Diagnostics
ONCOLOGY
The unique capacity of NBI to isolate intact and polydisperse vesicles enables the development of new approaches to detect early cancer or Minimal Residual Disease (MRD) biomarkers based on combinations of several markers.
Electron Microscopy image of particles isolated by NBI showing intact and polydisperse vesicles.
For example, the combination of 2 luminal markers of vesicles has the potential to distinguish vesicles produced in early gastrointestinal cancer patients from the background of vesicles produced by blood cells in healthy donors.
In addition, thanks to its easy setup, quick readout time, low cost-of-goods, and high reproducibility, NBI can also revolutionize other biomarker assays initially developed on exosomes isolated with ultracentrifugation or other technologies. EVbiome is currently transferring its know-how to a Swiss start-up to improve its screening asset.
NEURODEGENERATIVE DISEASES
A sub-family of neurodegenerative diseases include conditions where damages to neurons are directly or indirectly caused by the massive production of aberrant and/or misfolded proteins. As a mechanism of protection, body cells are attempting to get rid of these malignant proteins by excreting them through exosomes. This is well documented in Cerebrospinal Fluid (CSF) but screening in CSF requires lumbar punctures and is therefore not translatable in clinical practice. Here again EVbiome technology has the potential to detect in blood early biomarkers of neurodegenerative diseases such as Parkinson Disease, Alzheimer Disease, or prion diseases.
In a pilot project, α-Synuclein was detected in EVs derived from human plasma and CSF. Detected levels in plasma are 10x higher in EVs isolated with NBI as compared with ultracentrifugation (UC), thus offering opportunities to develop early diagnostics tools in Parkinson Disease.
EVbiome is currently collaborating with the University of Bologna (Italy) to adapt the RT-QuIC assay [Ref] on the detection of Parkinson Disease and Creutzfeldt-Jakob misfolded proteins on vesicles isolated with NBI.
INFECTIOUS DISEASES
NBI has the potential to support the diagnostics of infectious diseases caused by bacteria or viruses. In such diseases, the presence of the pathogen is usually detected either by circulating traces of nucleic acids, either by the consequences of the infection (e.g., antigens or symptoms), which does not permit distinguishing active ongoing infections from past infections or dead pathogens.

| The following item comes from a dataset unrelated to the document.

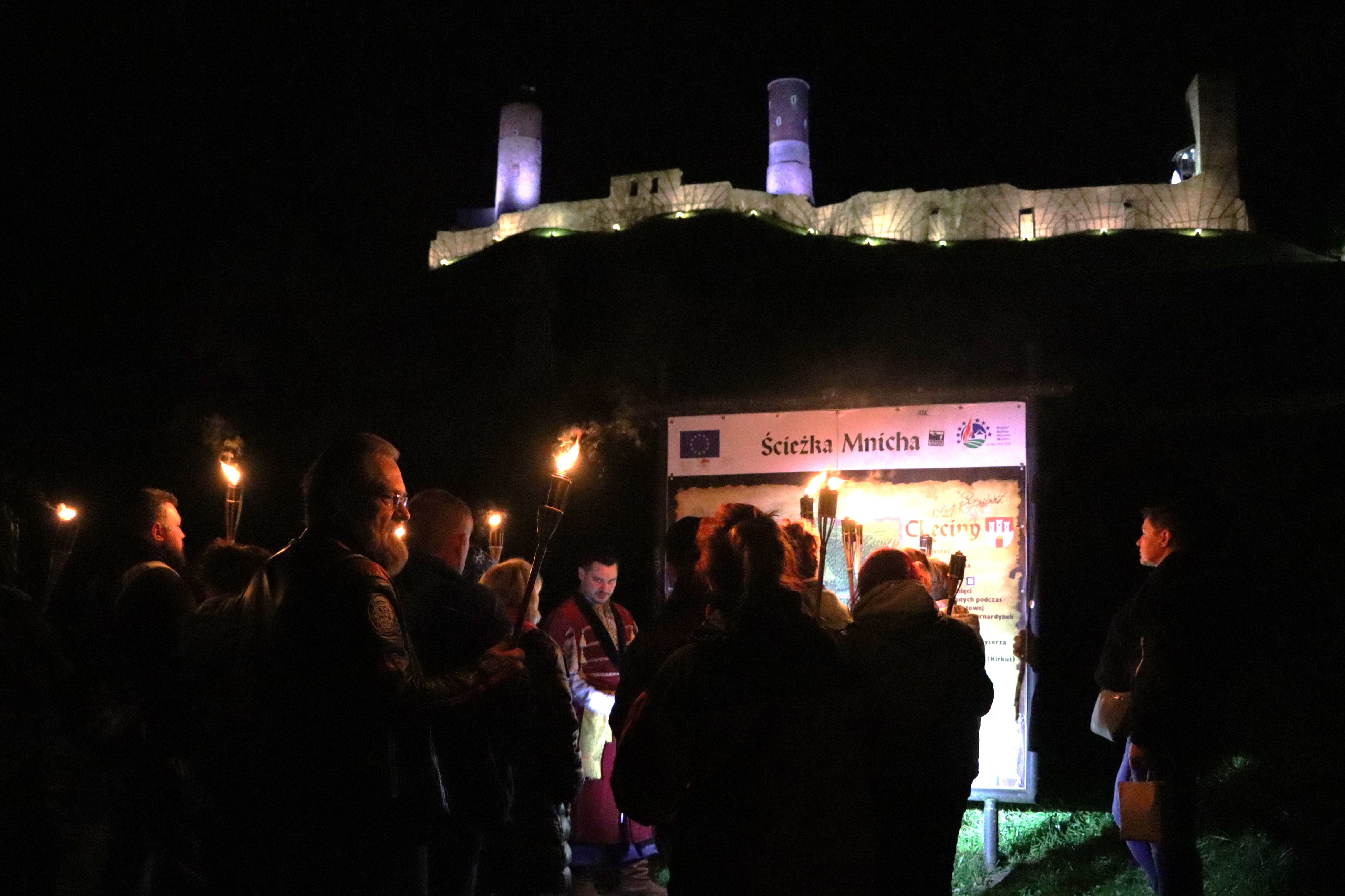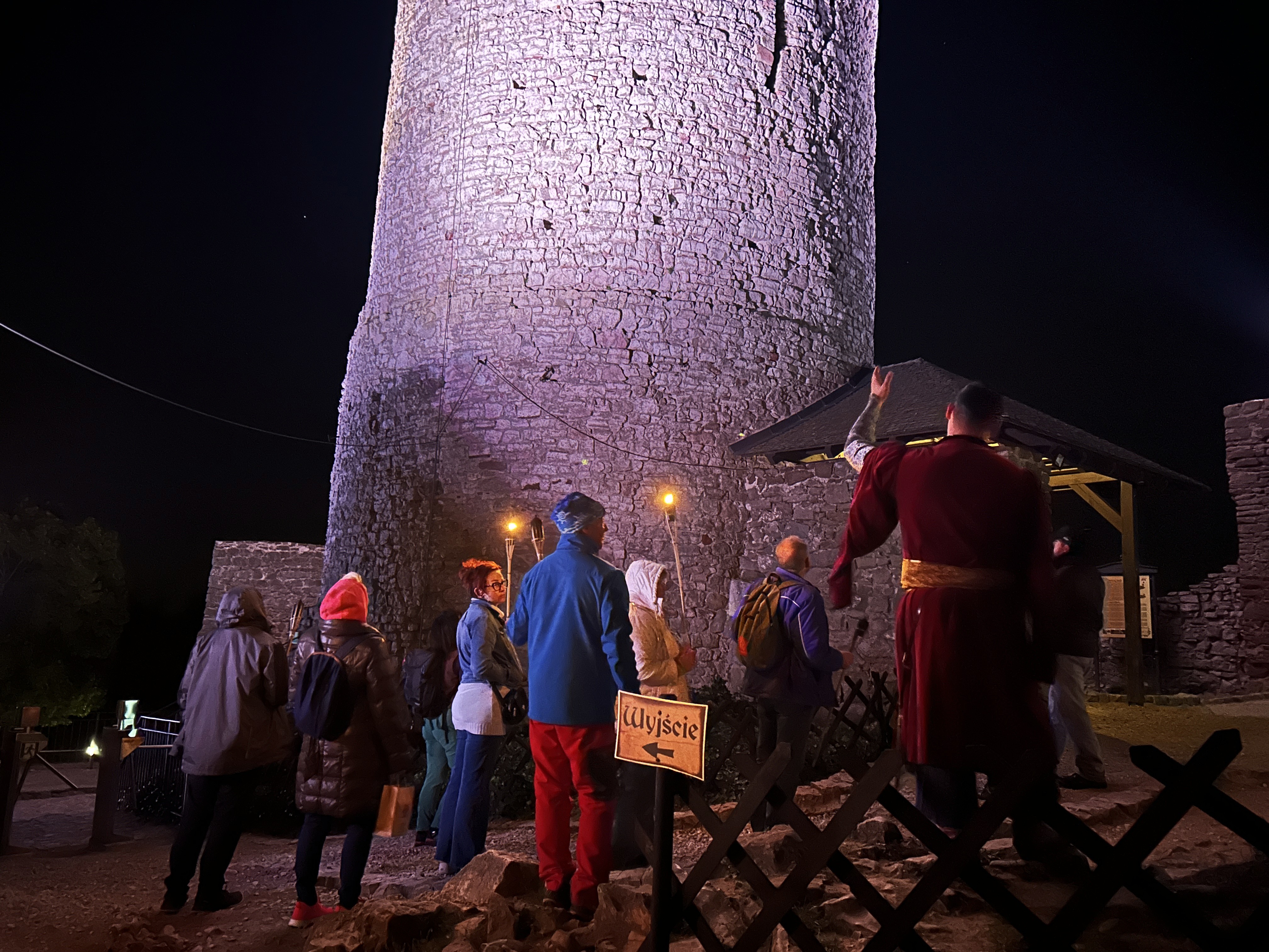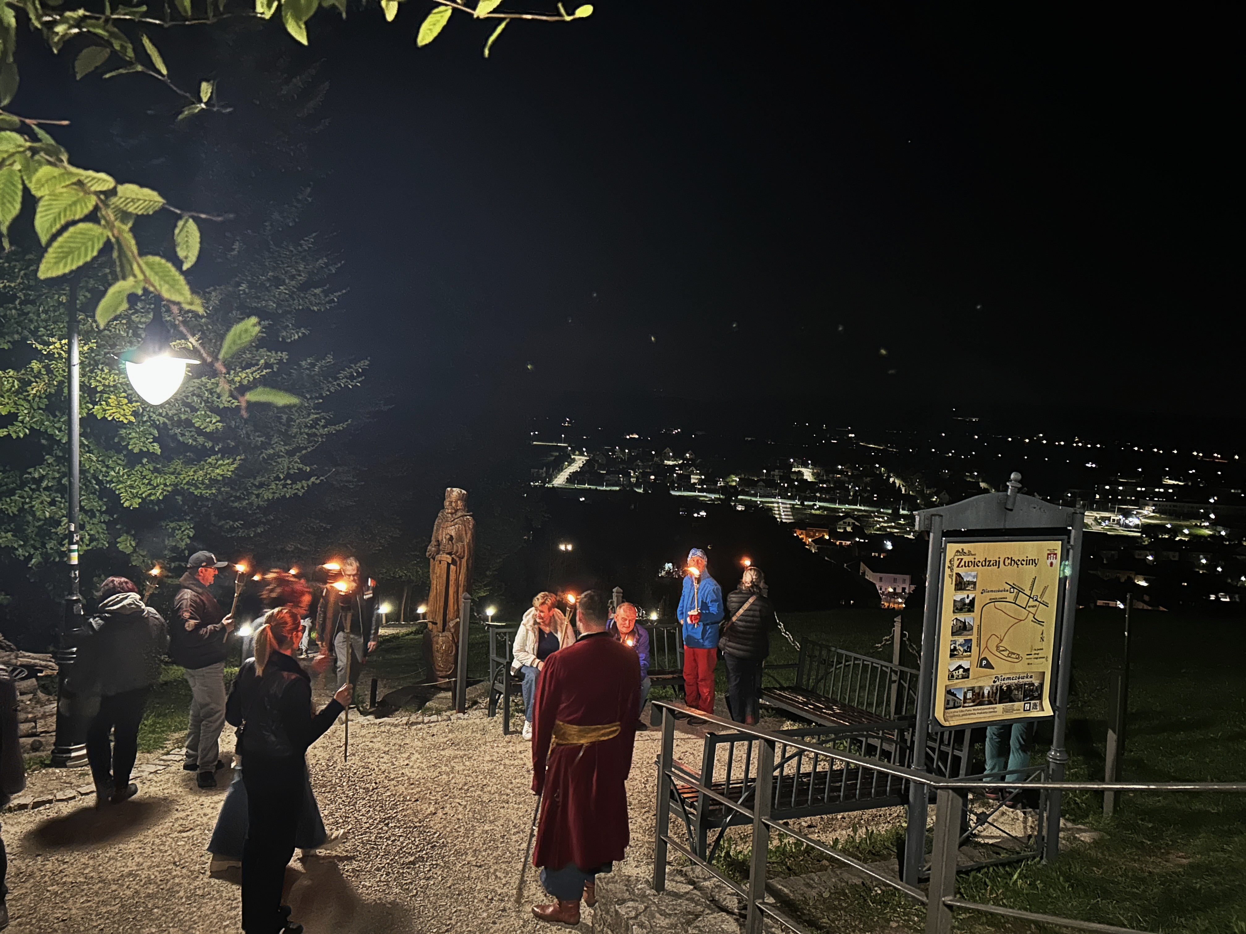 Następnie przy świetle pochodni, wyruszyliśmy uliczkami Chęcin, poznając dzieje napotkanych zabytków i ciekawostki związane z ekranizacją.

Bacteria are known to produce EV-like vesicles named Outer Membrane Vesicles (OMVs) [Ref]. For example, Borrelia burgdoferi, the bacteria responsible for the Lyme disease, produces OMVs that contain bacterial transcript. Molecular diagnosis of Lyme disease is known to be problematic. Digital droplet PCR (ddPCR) on plasma to detect Borrelia burgdoferi has been reported with 58.5% sensitivity vs 24.4% specificity with two-tiered serology at clinical diagnosis [Ref]. The detection of bacterial transcripts in OMVs after proper isolation might improve the assay by improving the sensitivity and focusing on the detection of biologically active pathogens.
Our platform has also the potential to detect “live viruses” within vesicles. For example, we have shotgun-sequenced RNA from isolated vesicles of 8 oncology patients and incidentally detected that, in one only out of the 8 subjects, a high proportion of non-human reads mapped to the GB virus C (hepatitis G virus, or Pegivirus C), an asymptomatic virus known to infect about 2% of the general population.
Fig. Legend: Mapping of 278 reads (out of 10’000 sampled non-human or unmapped reads) to the viral genome of GB virus C.